In most Paxos applications, each participating process has three roles: Proposer, Acceptor and Learner. This significantly reduces the complexity of the messages without compromising their correctness:

"In Paxos, clients send commands to leaders. During normal operation, leaders receive the clients' commands, determine a new number of commands i and then begin the i-th instance of the consensus algorithm by sending messages to a group of acceptor processes."

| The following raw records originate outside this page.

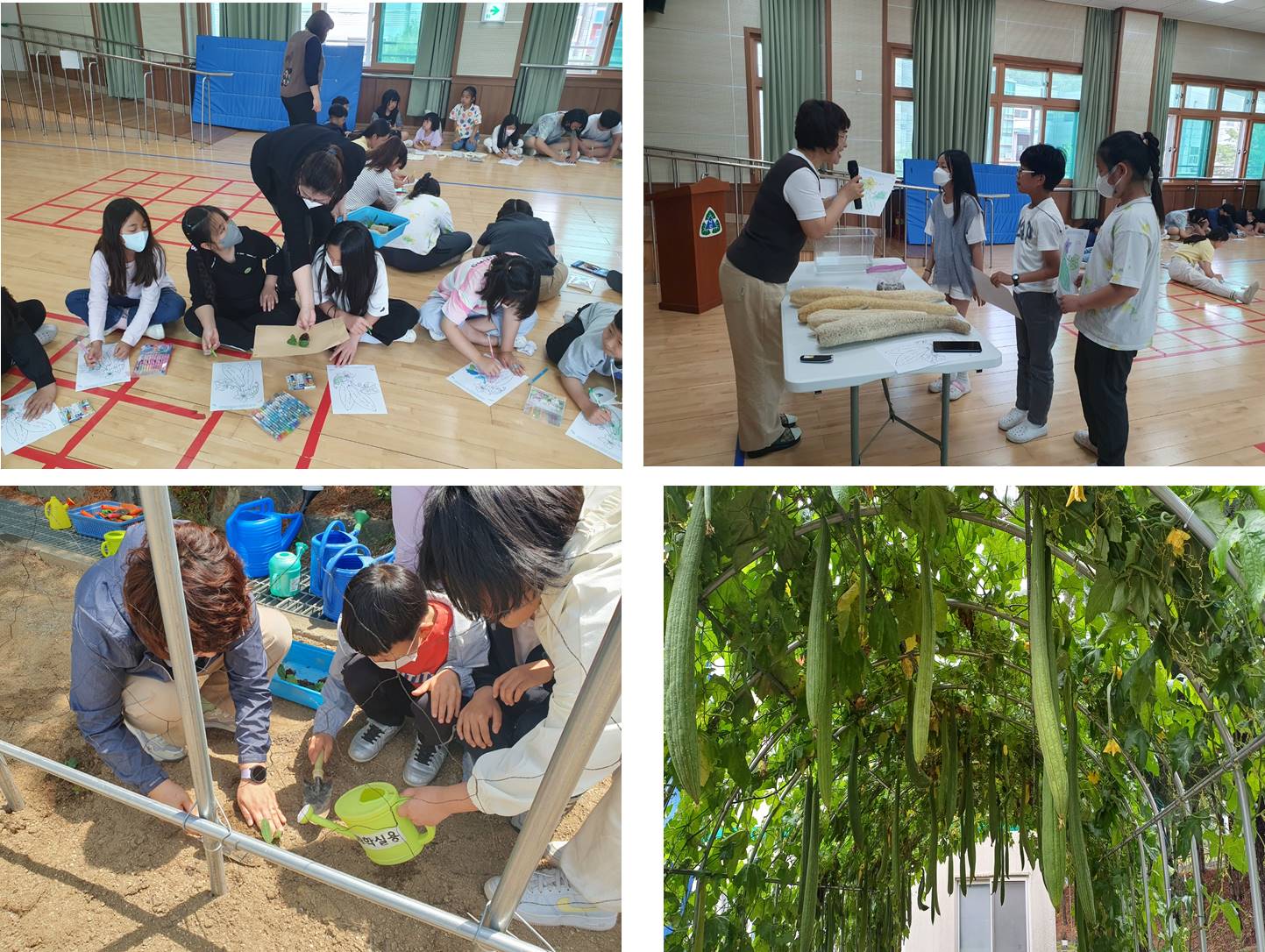 1. 수세미 재배 교육을 하기 위해 자원봉사자들이 수세미 모종을 직접 싹을 튀우고, 심고, 자라는 과정을 학생들과 함께 하며, 학생들은 각자의 수세미에 이름을 지어주고 수확해서 가정에서 사용하도록 함.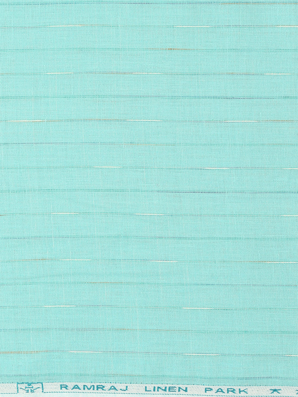 Men 100% Premium Linen Striped Blue Shirt Fabric Carlena
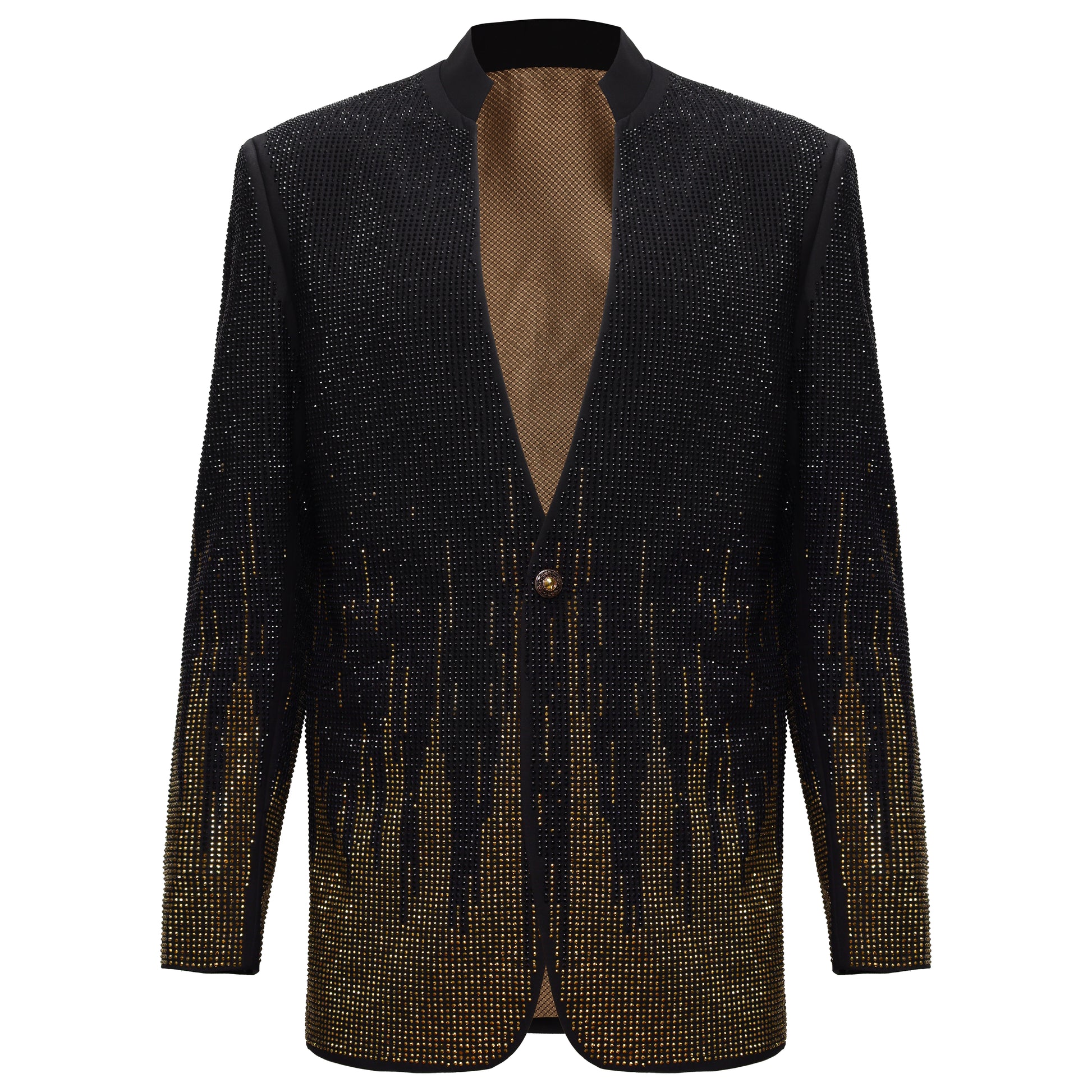 Make a bold statement with this lavish shiny Blazer, designed for those who dare to stand out. Crafted with intricate jacquard detailing, this blazer elegance and sophistication mignifies your desires. The single-breasted blazer features a slim fit, a deep shawl lapel, and a single-button closure, creating a sharp and modern silhouette. Perfect for weddings, galas, and upscale events, this blazer is your go-to for making an unforgettable impression.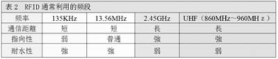 為避免各國無線電頻率使用標準不一,國際上大多遵守國際電信聯合會(ITU)的規范。目前,RFID使用的頻段有135KHz、13.56MHz、433.92MHz、860M~960MHz(UHF)、2.45GHz以及5.8GHz等6種。(RFID通常利用的頻率參照表2)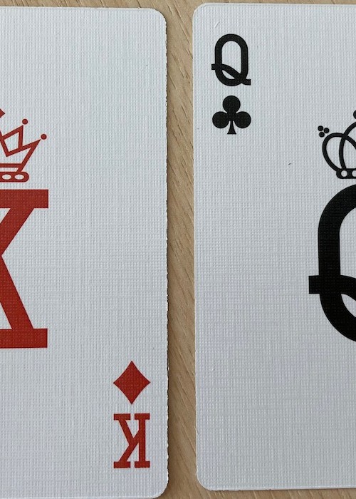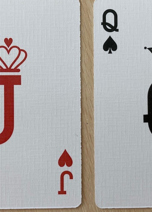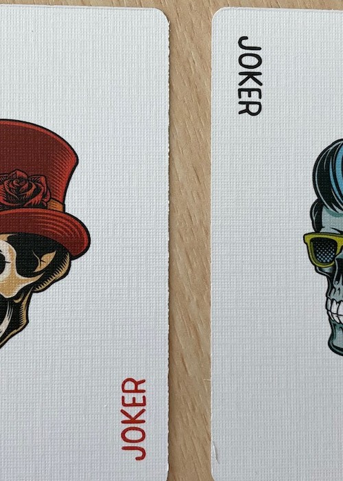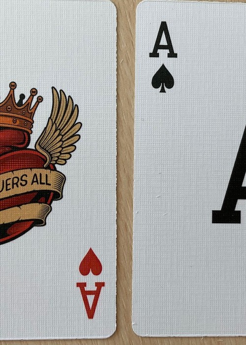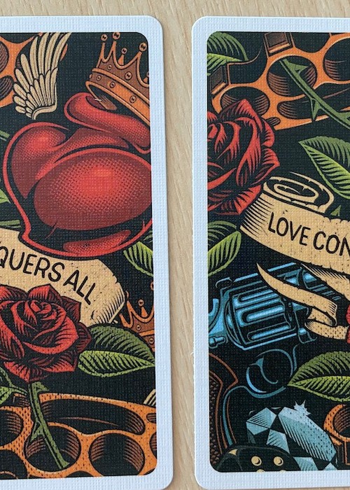 This ‘Love Conquers All’ playing card deck has a totally unique pip scheme and includes court cards featuring typography with crown icons. A detailed tattoo illustration covers the backs and a winged heart is used for the ace of hearts and box. Each joker has its own skull which beautifully complete the 54 card deck. Available from https://www.etsy.com/uk/listing/975312909/tattoo-poker-playing-cards-unusual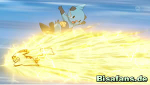 Zwischenzeitlich kann sich Team Rocket ungesehen in das Vorratslager eindringen und macht sich über die sich dort befindenen Güter her. Statt aber die erhofften Vorräte zu finden, stößt James doch tatsächlich über Ashs Freund Pikachu, noch immer von Ottaros nicht bös gemeinten Angriff besinnungslos. Über diesen Fund sehr zufrieden verlassen Jessie und James mit Pikachu in Gewahrsam das Lager, werden aber daraufhin von Ash, Lilia Don George und seinen Mannen gestellt. Mit Pikachu verschwunden und Ottaro völlig von der Rolle erkennt Ash schnell den Ernst der Lage und ergreift die Initiative. Die befohlene Aquaknarre durch Ottaro bleibt aber dank eines Schutzschildes durch eine technische Spielerei Team Rockets ohne sichtlichen Schaden. Floink allerdings gelingt es, die Schutzbarriere durch eine feurige Glutattacke zu durchbrechen und ermöglicht Pikachu somit die Flucht. Doch auch Team Rocket kann ein weiteres Mal entkommen, was angesichts der Befreiung Pikachus aber nicht weiter tragisch erscheint. Außerdem entschließt sich Floink, aus Dankbarkeit Ash gegenüber, diesen von nun an bei seiner Reise zu begleiten. Mit der geballten Kraft des kleinen Feuerpokémons setzt Ash seine Reise fort, sein Ziel klar vor Augen – die Arena von Orion City.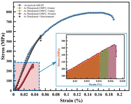 For the tensile strength, six samples were prepared using different joining parameters (the first three specimens with 1250 °C heating temperature was neglected). It is believed that the supplied heat input not providing sufficient diffusion within the joint interface even when the holding time was long. Typical stress-strain curves for the different test conditions are shown in Figure 12. With high thixowelding temperature, the produced interface is free from voids and pores due to high diffusion rates of different elements across this area. Consequently, when this high temperature accompany with long holding time, high tensile strength could be achieved. It is well known that the strength of a joint primarily depends on the quality of its microstructure. As can be observed, the tensile strength graph shows a relatively identical shape of the applied heating temperature to 1300 °C at 0, 5 and 10 min to give 241 MPa, 253 MPa and 271 MPa respectively. A minimum tensile strength of 241 MPa is recorded for the applied heating temperature of 1300 °C at 0 min. At 5 min a slight increment in tensile strength was recoded. Meanwhile, with 10 min. holding time there was remarkable improvement in tensile strength due to fact that diffusion rate is highly affected by both of temperature and time for non-steady state diffusion. The tensile value of the D2 as-supplied material (791 MPa) is more than two times if compared with the as-thixojoind value of 271 MPa. This is actually an interesting result which was achieved by a process which is simpler than conventional processes. Meanwhile, tensile strength of the joined parts after post welding heat treatment condition showed a significant improvement over the non-heat treated condition which is 560 MPa, i.e., about 70% the strength value of D2 base metal. This improvement of strength is linked to such factors as the size, distribution and dissolvement of carbides, relative proportions of austenite and martensite phases, and grain size. This explanation is also corroborated by microscopic studies which resulted in improved contrast between solid and liquid phases, whereby the big solids appeared in little liquid matrix where primary distribution of grain boundary is decreased substantially and some amounts of eutectic carbides dissolve in the matrix.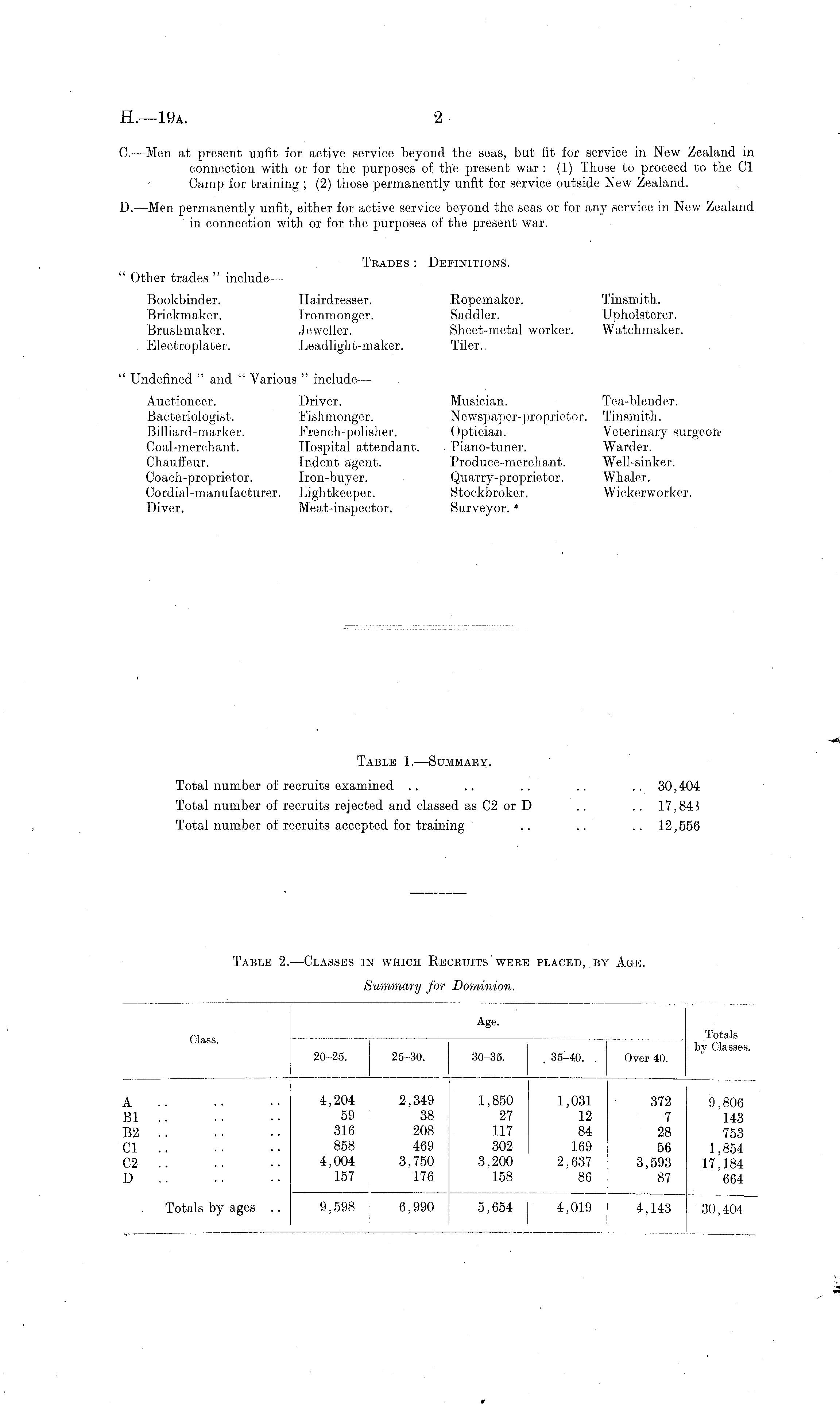 C. —Men at present unfit for active service beyond the seas, but fit for service in New Zealand in connection with or for the purposes of the present war : (1) Those to proceed to the Cl Camp for training ; (2) those permanently unfit for service outside New Zealand. D.—Men permanently unfit, either for active service beyond the seas or for any service in New Zealand in connection with or for the purposes of the present war. Trades : Definitions. " Other trades " include — Bookbinder. Hairdresser. Ropemaker. Tinsmith. Brickmaker. Ironmonger. Saddler. Upholsterer. Brushmaker. Jeweller. Sheet-metal worker. Watchmaker. Electroplater. Leadlight-maker. Tiler., " Undefined " and " Various " include — Auctioneer. Driver. Musician. Tea-blender. Bacteriologist. Fishmonger. Newspaper-proprietor. Tinsmith. Billiard-marker. French-polisher. Optician. Veterinary surgeon-Coal-merchant. Hospital attendant. Piano-tuner. Warder. Chauffeur. Indent agent. Produce-merchant. Well-sinker. Coach-proprietor. Iron-buyer. Quarry-proprietor. Whaler. Cordial-manufacturer. Lightkeeper. Stockbroker. Wickerworker. Diver. Meat-inspector. Surveyor. *

By merging roles, the protocol works in the style of an efficient "client-master-replica" model, such as is typically used with databases. The advantage of Paxos is that it guarantees its security properties .

Individual evidence

  1. ^ Marshall Pease, Robert Shostak, Leslie Lamport: Reaching Agreement in the Presence of Faults . In: Journal of the Association for Computing Machinery . 27, No. 2, April 1980, pp. 228-234. doi : 10.1145 / 322186.322188 . Retrieved February 2, 2007.
  2. ^ Leslie Lamport: Time, Clocks and the Ordering of Events in a Distributed System . In: Communications of the ACM . 21, No. 7, July 1978, pp. 558-565. doi : 10.1145 / 359545.359563 . Retrieved February 2, 2007.
  3. ^ Fred Schneider: Implementing Fault-Tolerant Services Using the State Machine Approach: A Tutorial . In: ACM Computing Surveys . 22, 1990, pp. 299-319. doi : 10.1145 / 98163.98167 .
  4. ^ Leslie Lamport's history of the paper
  5. ^ A b Leslie Lamport: The Part-Time Parliament . In: ACM Transactions on Computer Systems . 16, No. 2, May 1998, pp. 133-169. doi : 10.1145 / 279227.279229 . Retrieved February 2, 2007.
  6. M. Fischer, N. Lynch, M. Paterson: Impossibility of distributed consensus with one faulty process . In: Journal of the ACM . 32, No. 2, April 1985, pp. 374-382. doi : 10.1145 / 3149.214121 .
  7. , Mike Massa: Cheap Paxos . In: Proceedings of the International Conference on Dependable Systems and Networks (DSN 2004) ..
  8. a b c Leslie Lamport: Fast Paxos . 2005.
  9. a b c d Leslie Lamport: Generalized Consensus and Paxos . 2005.
  10. ^ Miguel Castro: Practical Byzantine Fault Tolerance . 2001.
  11. Cynthia Dwork, Nancy Lynch, Larry Stockmeyer: Consensus in the Presence of Partial Synchrony . In: Journal of the ACM . 35, April 1988, pp. 288-323. doi : 10.1145 / 42282.42283 .
  12. , Barbara Liskov: Viewstamped Replication: A New Primary Copy Method to Support Highly-Available Distributed Systems . In: PODC '88: Proceedings of the seventh annual ACM Symposium on Principles of Distributed Computing ., Pp. 8-17. doi : 10.1145 / 62546.62549
  13. ^ Leslie Lamport: Lower Bounds for Asynchronous Consensus . 2004.
  14. ^ Tushar Chandra, Robert Griesemer, Joshua Redstone: Paxos Made Live - An Engineering Perspective . In: PODC '07: 26th ACM Symposium on Principles of Distributed Computing . 2007.